When the density is lowered further it becomes more apparent. I need a way to limit the clumps to the 'best' displaced stones according to the values I type. The fake stone shader gives a very unreliable scattering of stones, some high, some too low.
As I said, still tinkering...
The 'blades' are also fake stones, 3 different coloured stones in series, with a single translucency value/colour following them through a Lambert shader. The blades aren't blended in any way at all, they're simply set as a surface shader to the parent-node, the main grass clump shader.
Ok D' I was making plant's with exploding stones 3 years ago, what took you so long to refine it? ;)
Looks great, I'm wondering if it's a monster drain on resources? I'm guessing it's not..
As long as I have your attention, Could you point me at the best node to add more texture to your cave?
Is there a node I can pile fake stones into? Or might it wreck the whole cave affect.
I was wondering if I could bubble (might be a bad word) out the smoothies and the jaggies a bit.
Kenny
Grass clump or.... succulent clump?
http://www.danheller.com/images/California/Marin/RodeoBeach/ice-plant-2-big.jpg
http://www.jungyul.com/photoblog/wp-content/uploads/2008/05/ice-plant.jpg
;D
Or maybe crystals?
http://www.minresco.com/display/djpg/mi1154.jpg
Regardless, very cool. :)
- Oshyan
Looks very intriguing - look forward to the finished article.
Perhaps the "fake stones shader" should be renamed to "fake stones/sand/grass shader" ? ;)

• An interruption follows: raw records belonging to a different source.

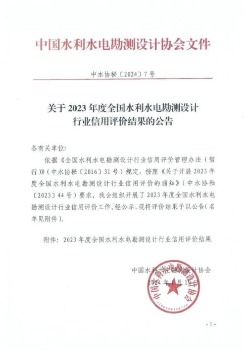 4項(xiàng)AAA,3項(xiàng)AAA+!我院在2023年度水利建設(shè)市場主體及全國水利水電勘測設(shè)計(jì)行業(yè)信用評價(jià)中再創(chuàng)佳績
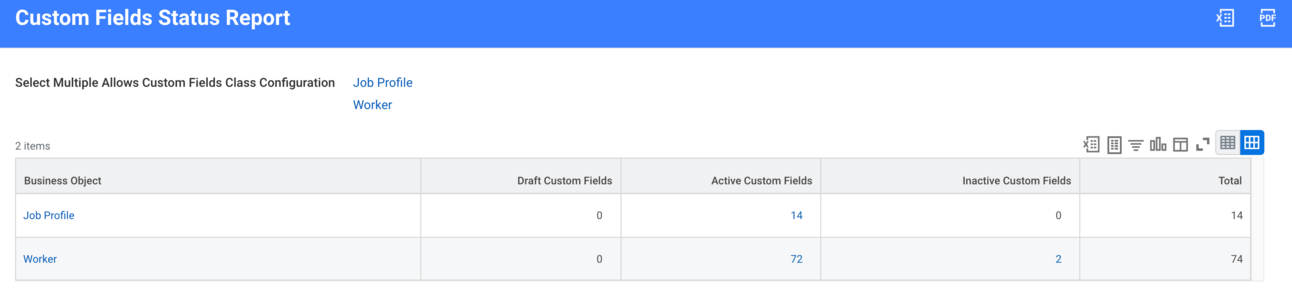 The Custom Field Status report is handy for taking quick inventory of your custom field counts and statuses per business object.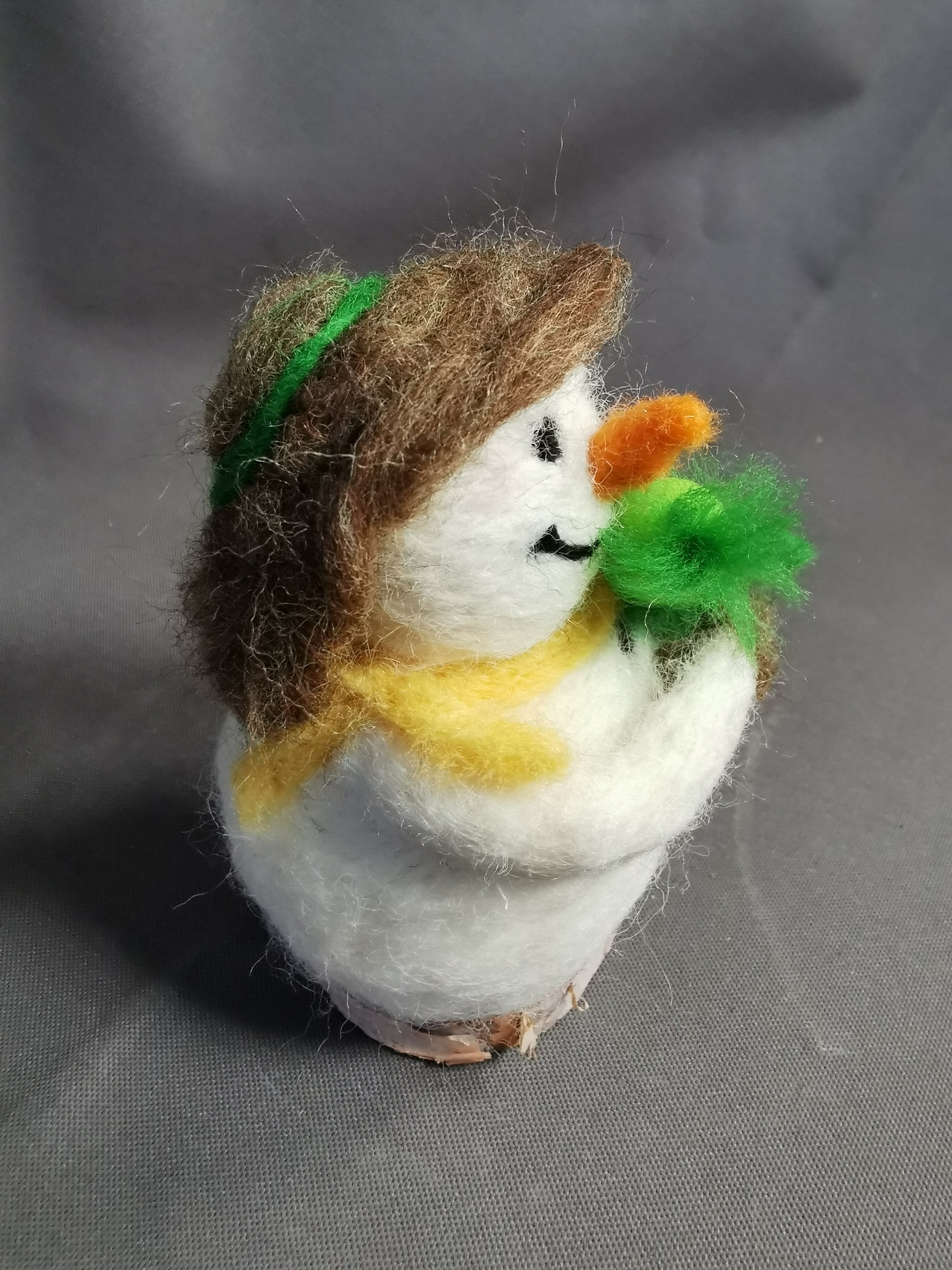 Filz Schneemann mit Grinch Puppe auf einer Holzscheibe, handgefertigt, Einzelstück
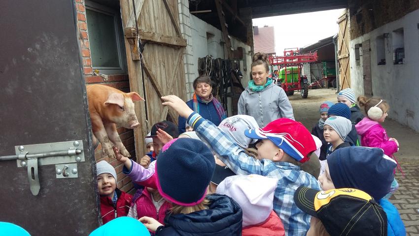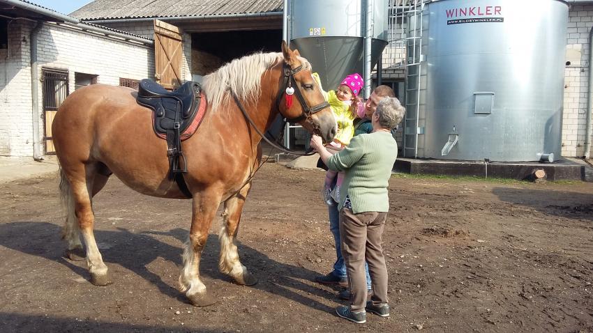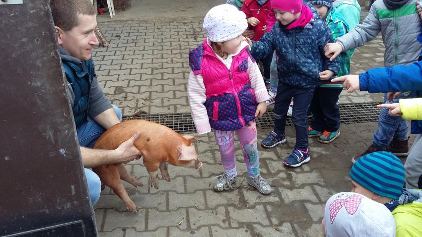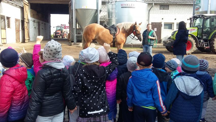 4 kwietnia we wtorek wszystkie dzieci z naszego przedszkola odwiedziły pobliskie gospodarstwo rolne. Gospodarz Pan Michał Gajda opowiedział przedszkolakom jak wygląda praca w gospodarstwie oraz zaprezentował maszyny rolnicze. Najwiekszą atrakcją były zwierzęta, dzieci zobaczyły m.in. konie, świnki, króliki i kury. Bardzo dziękujemy gospodarzom za umożliwienie nam przeżycia tej niezwykłej przygody. Przedszkolaki na długo zapamiętają to niezwykłe spotkanie.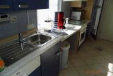 Herd mit Backofen, Geschirrspüler, Kühlschrank mit Tiefkühlfach, Mikrowelle, Kaffeemaschine, Wasserkocher, Eierkocher, Toaster und ausreichend Geschirr, Besteck und Töpfe.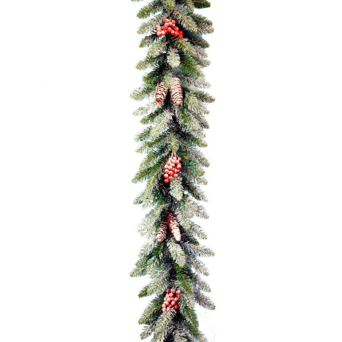 La ghirlanda finta di neve RAVENNA è realizzata con aghi in tessuto e decorata con pigne e bacche di abete.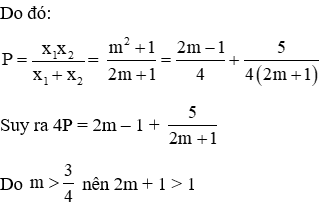 x1 + x2 = 2m + 1 và x1.x2 = m2 + 1.

Interesting approach! Keep tinkering!
Quote from: domdib on September 01, 2009, 04:55:19 AM
Looks very intriguing - look forward to the finished article.
Perhaps the "fake stones shader" should be renamed to "fake stones/sand/grass shader" ? ;)
Ghehe indeed :) It once proves again how flexible TG2's features can be!
I have some shots of this shader on terrain, near middle and far distances. It looks quite like my original grass shader in the mid/far distance and looks really nice close up aswell. Can't upload shots as I'm not online on my own pc yet, will do soon, though...
QuotePerhaps the "fake stones shader" should be renamed to "fake stones/sand/grass shader" ? Wink
Yes, very flexible shader. I have a new route for it, aswell, the render(I can't upload just now) is called 'Eezcoca-Yeena'(or, 'It's Cocaine'! ;)). Lines and a wee pile on a mirror! ;)
So, 'fake drugs shader' can be added to this list, too! :D :D :D
Wow, I am very impressed by what I see happening here.
The grass blades can probably be bent by a careful use of a displacement on top of another displacement that has had it's terrain already computed, I do something like this in some of my own scenes here and there.
But the amount of extra time used to calculate and render that type of effect is almost prohibitively too long to use widespread in a scene.
Keep up the great work!
This looks very good! I hate to be the bearer of bad news, but the horizontal cut-off you saw at bucket boundaries shows a problem with using extreme displacement instead of actual geometry. You'll potentially see these problems at every bucket boundary. It also means that shadows from this extreme displacement won't be rendered correctly. You can fix these problems with very high values for "displacement tolerance" on the planet node, but that will result in insane render times. In theory, using high displacement is a good way to generate complex surfaces, but the reality of rendering such displacement often makes it impractical.
Matt
Thanks, Matt. That answers that question for me. :)
I think I've only came across this issue the one time I posted above. The near exact same scene with different colours is rendered beneath it, this one had higher AA settings but there are no cutoffs where those buckets meet. These shots are a bit too close for real comfort, mind, just to show how they actually were made.